- _PROBLEM REQUIREMENTS_
Copy the lines below that contain "estado".

- _RECORD EXTRACTS_
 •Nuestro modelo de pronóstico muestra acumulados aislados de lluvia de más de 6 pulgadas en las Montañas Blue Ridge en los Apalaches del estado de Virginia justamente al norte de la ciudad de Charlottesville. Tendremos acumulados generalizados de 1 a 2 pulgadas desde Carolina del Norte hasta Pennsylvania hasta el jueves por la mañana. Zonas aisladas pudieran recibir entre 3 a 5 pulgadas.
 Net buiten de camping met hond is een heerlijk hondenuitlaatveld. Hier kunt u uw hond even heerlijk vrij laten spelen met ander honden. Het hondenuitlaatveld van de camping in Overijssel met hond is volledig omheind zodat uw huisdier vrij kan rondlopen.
...
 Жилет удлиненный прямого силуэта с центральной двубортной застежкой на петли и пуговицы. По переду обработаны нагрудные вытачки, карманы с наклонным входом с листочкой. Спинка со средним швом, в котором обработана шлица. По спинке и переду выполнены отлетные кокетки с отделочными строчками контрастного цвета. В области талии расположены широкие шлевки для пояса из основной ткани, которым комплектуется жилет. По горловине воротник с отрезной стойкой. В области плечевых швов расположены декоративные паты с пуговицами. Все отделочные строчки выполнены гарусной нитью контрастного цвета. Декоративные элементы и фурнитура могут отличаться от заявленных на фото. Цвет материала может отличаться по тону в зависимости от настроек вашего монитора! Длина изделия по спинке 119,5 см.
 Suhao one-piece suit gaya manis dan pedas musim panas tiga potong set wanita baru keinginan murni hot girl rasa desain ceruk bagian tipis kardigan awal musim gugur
* * *
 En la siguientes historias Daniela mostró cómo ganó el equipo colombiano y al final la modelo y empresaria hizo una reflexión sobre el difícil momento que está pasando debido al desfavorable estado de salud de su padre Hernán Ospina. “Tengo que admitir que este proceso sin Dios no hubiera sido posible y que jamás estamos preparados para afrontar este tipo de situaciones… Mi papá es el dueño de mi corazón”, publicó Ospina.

- _EXERCISE RESULT_
 •Nuestro modelo de pronóstico muestra acumulados aislados de lluvia de más de 6 pulgadas en las Montañas Blue Ridge en los Apalaches del estado de Virginia justamente al norte de la ciudad de Charlottesville. Tendremos acumulados generalizados de 1 a 2 pulgadas desde Carolina del Norte hasta Pennsylvania hasta el jueves por la mañana. Zonas aisladas pudieran recibir entre 3 a 5 pulgadas.
 En la siguientes historias Daniela mostró cómo ganó el equipo colombiano y al final la modelo y empresaria hizo una reflexión sobre el difícil momento que está pasando debido al desfavorable estado de salud de su padre Hernán Ospina. “Tengo que admitir que este proceso sin Dios no hubiera sido posible y que jamás estamos preparados para afrontar este tipo de situaciones… Mi papá es el dueño de mi corazón”, publicó Ospina.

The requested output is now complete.